▶ [Aim of the exercise]
The entries below contain pictures, which are to be left out; write out exactly, and only, the lines from the line with "Vector illustration of" up to and including the line with "伊利金领冠珍护2段900g旗舰店奶粉6-12个月较大婴儿配方牛奶粉三代OPO 【咨询享会员价】2段 900g".

▶ [Records for this exercise]
^^^^^^^^^^^^^^^^

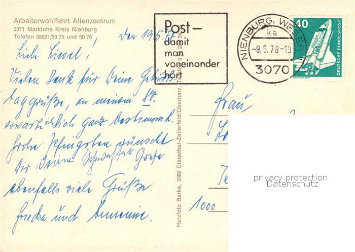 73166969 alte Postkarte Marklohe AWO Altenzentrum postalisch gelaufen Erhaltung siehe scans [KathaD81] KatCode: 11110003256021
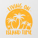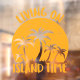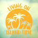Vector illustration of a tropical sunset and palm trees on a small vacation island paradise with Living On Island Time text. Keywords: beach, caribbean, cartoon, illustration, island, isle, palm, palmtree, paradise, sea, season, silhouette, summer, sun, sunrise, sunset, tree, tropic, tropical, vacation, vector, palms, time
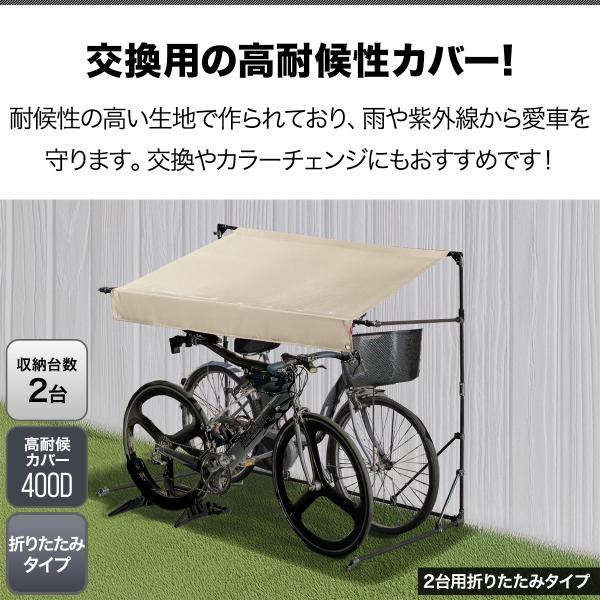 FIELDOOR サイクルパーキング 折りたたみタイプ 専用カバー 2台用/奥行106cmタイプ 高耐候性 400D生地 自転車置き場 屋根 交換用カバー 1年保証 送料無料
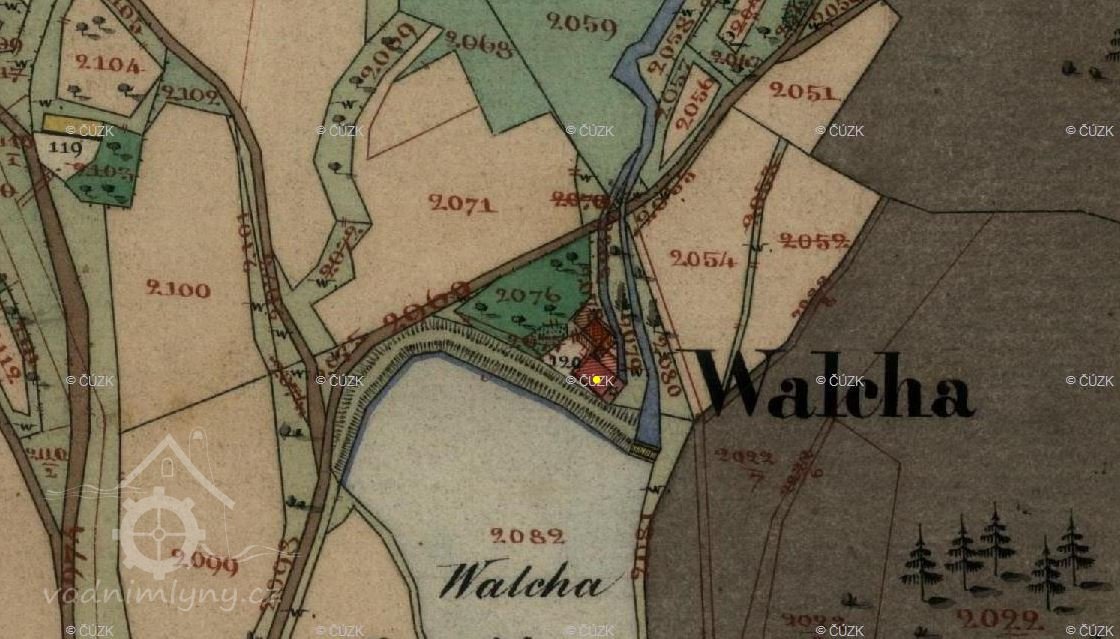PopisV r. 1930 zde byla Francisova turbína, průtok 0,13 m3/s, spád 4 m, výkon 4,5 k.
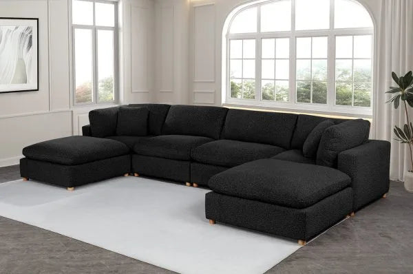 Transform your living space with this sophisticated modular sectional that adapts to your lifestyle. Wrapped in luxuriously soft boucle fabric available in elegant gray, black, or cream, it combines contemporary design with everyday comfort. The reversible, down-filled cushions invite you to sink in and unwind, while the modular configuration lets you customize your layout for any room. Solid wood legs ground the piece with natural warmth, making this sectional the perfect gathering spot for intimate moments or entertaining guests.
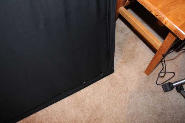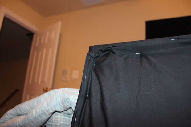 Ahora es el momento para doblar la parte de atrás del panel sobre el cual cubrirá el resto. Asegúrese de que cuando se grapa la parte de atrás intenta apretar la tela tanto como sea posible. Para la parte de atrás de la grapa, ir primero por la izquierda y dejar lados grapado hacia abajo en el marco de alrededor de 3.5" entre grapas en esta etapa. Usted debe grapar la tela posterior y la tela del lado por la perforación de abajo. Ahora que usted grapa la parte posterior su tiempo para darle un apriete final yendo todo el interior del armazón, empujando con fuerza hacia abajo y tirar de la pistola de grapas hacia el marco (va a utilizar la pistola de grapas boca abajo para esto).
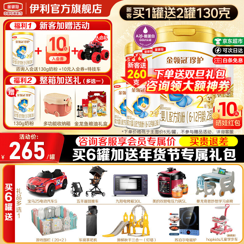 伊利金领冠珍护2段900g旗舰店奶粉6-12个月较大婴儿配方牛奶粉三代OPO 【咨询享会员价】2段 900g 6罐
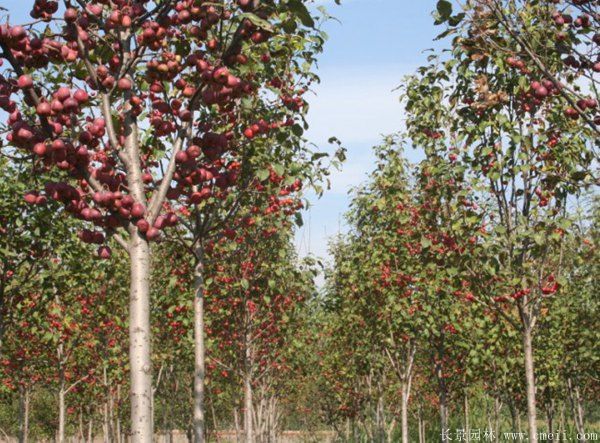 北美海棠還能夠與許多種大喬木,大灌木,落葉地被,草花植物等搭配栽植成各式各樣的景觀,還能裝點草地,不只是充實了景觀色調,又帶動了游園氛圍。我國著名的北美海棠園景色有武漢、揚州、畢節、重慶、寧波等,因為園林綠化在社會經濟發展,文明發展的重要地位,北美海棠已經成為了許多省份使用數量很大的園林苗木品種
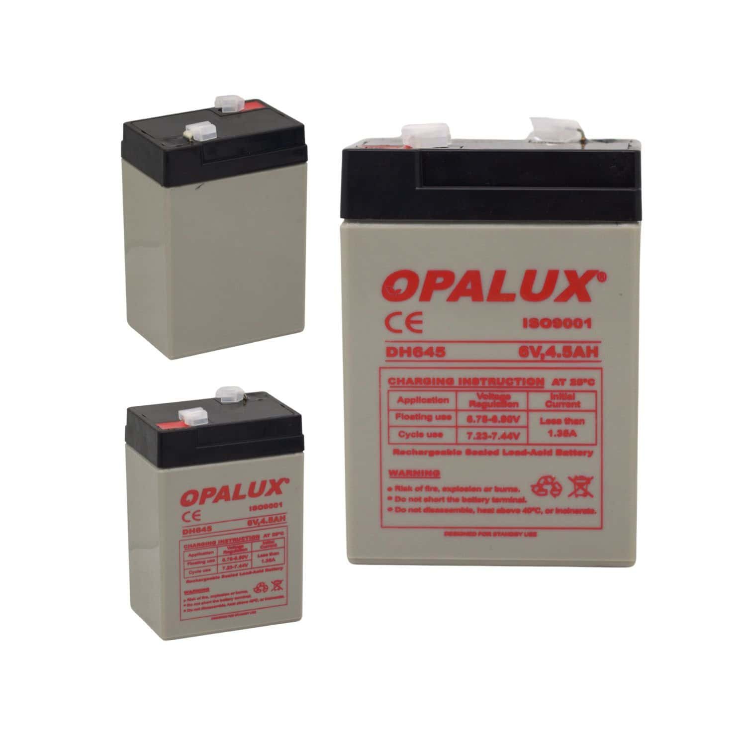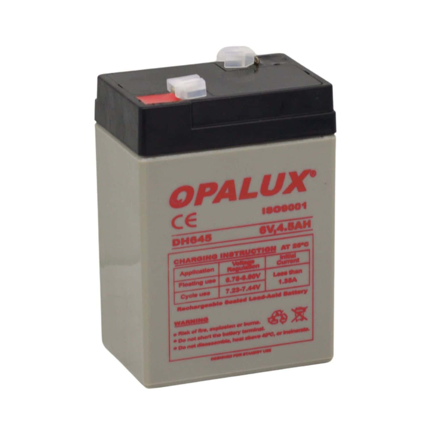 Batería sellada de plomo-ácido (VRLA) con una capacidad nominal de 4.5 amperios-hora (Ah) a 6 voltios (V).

^^^^^^^^^^^^^^^^

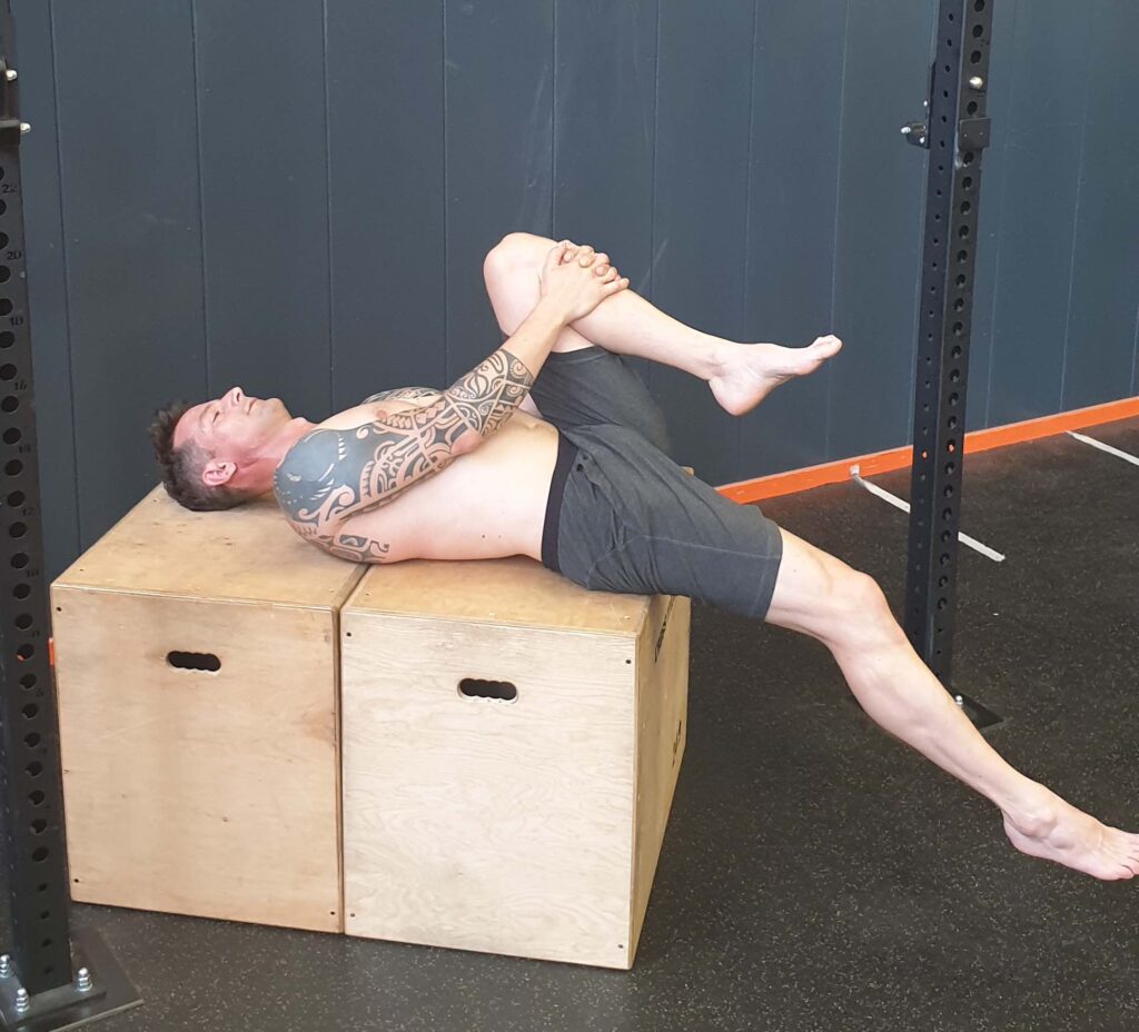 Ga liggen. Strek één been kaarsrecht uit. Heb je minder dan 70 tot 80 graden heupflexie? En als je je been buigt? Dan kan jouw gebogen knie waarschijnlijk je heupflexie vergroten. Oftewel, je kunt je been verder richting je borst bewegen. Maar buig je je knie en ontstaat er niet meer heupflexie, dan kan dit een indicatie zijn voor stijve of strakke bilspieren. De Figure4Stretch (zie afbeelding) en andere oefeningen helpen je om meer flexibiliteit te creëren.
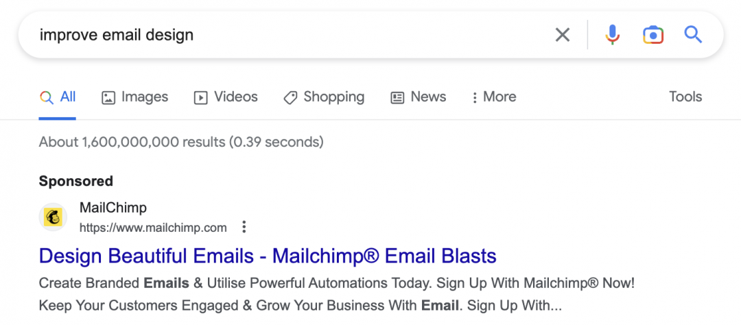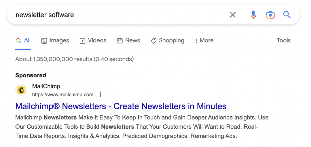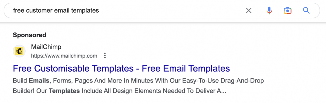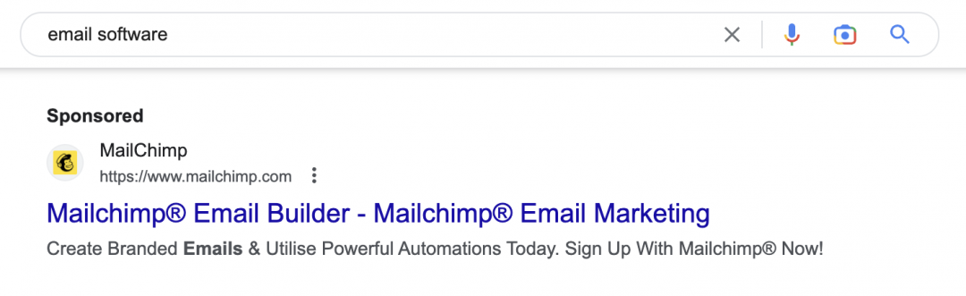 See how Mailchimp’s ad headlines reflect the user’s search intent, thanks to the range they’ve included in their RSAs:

^^^^^^^^^^^^^^^^

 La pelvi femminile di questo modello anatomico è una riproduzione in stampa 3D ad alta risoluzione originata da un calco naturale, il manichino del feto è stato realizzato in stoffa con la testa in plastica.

^^^^^^^^^^^^^^^^

▶ [Reply]
Vector illustration of a tropical sunset and palm trees on a small vacation island paradise with Living On Island Time text. Keywords: beach, caribbean, cartoon, illustration, island, isle, palm, palmtree, paradise, sea, season, silhouette, summer, sun, sunrise, sunset, tree, tropic, tropical, vacation, vector, palms, time
 FIELDOOR サイクルパーキング 折りたたみタイプ 専用カバー 2台用/奥行106cmタイプ 高耐候性 400D生地 自転車置き場 屋根 交換用カバー 1年保証 送料無料
PopisV r. 1930 zde byla Francisova turbína, průtok 0,13 m3/s, spád 4 m, výkon 4,5 k.
 Transform your living space with this sophisticated modular sectional that adapts to your lifestyle. Wrapped in luxuriously soft boucle fabric available in elegant gray, black, or cream, it combines contemporary design with everyday comfort. The reversible, down-filled cushions invite you to sink in and unwind, while the modular configuration lets you customize your layout for any room. Solid wood legs ground the piece with natural warmth, making this sectional the perfect gathering spot for intimate moments or entertaining guests.
 Ahora es el momento para doblar la parte de atrás del panel sobre el cual cubrirá el resto. Asegúrese de que cuando se grapa la parte de atrás intenta apretar la tela tanto como sea posible. Para la parte de atrás de la grapa, ir primero por la izquierda y dejar lados grapado hacia abajo en el marco de alrededor de 3.5" entre grapas en esta etapa. Usted debe grapar la tela posterior y la tela del lado por la perforación de abajo. Ahora que usted grapa la parte posterior su tiempo para darle un apriete final yendo todo el interior del armazón, empujando con fuerza hacia abajo y tirar de la pistola de grapas hacia el marco (va a utilizar la pistola de grapas boca abajo para esto).
 伊利金领冠珍护2段900g旗舰店奶粉6-12个月较大婴儿配方牛奶粉三代OPO 【咨询享会员价】2段 900g 6罐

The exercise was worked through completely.